I only know a proof "by model theory" explained in an answer to this question: Non-standard proofs of standard theorems. Now, I am wondering how a "purely algebraic" proof or at least a proof without model theory might look like. Is the proof complicated or is this even a trivial fact? In the case of the former or if the proof is simply to long to be stated here, it would also be sufficient if someone can point me to the appropriate literature. Thank you!

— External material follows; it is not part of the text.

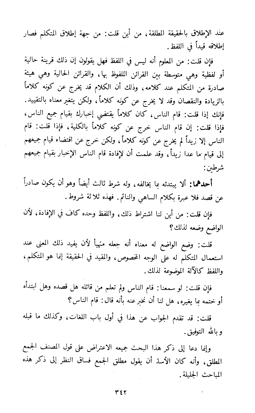 فإنك إذا قلت قام الناس كان كلاما يقتضي إخبارك بقيام جميع الناس فإذا قلت إن قام الناس خرج عن كونه كلاما بالكلية فإذا قلت قام الناس إلا زيدا لم يخرج عن كونه كلاما ولكن خرج عن اقتضاء قيام جميعهم إلى قيام ما عدا زيدا وقد علمت أن لإفادة قام الناس الإخبار بقيام جميعهم شرطين: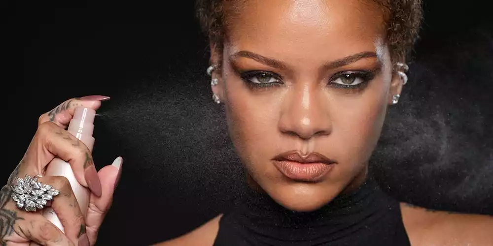 Rihanna's latest campaign for Fenty Beauty introduces the "You Mist Makeup-Extending Setting Spray," designed to lock in makeup for up to 12 hours. The formula includes skin-beneficial ingredients like wild thyme extract, which hydrates the skin and offers protection against environmental stressors.

If $a$ is a root of the polynomial. Then we can consider the extension $\mathbb{Q}(a)/\mathbb{Q}$. Then, by algebraic number theory, $f$ splitting into linear factors modulo a prime $p$ implies that the prime $p$ splits completely in the ring of integers of $\mathbb{Q}(a)$ (other than the finitely many primes that are not relatively prime to the conductor). However, by Chebotaryov's density theorem, this happens asymptotically for $\frac{1}{n}$th of the primes where $n$ is the degree of $f$ so it happens for infinitely many of them.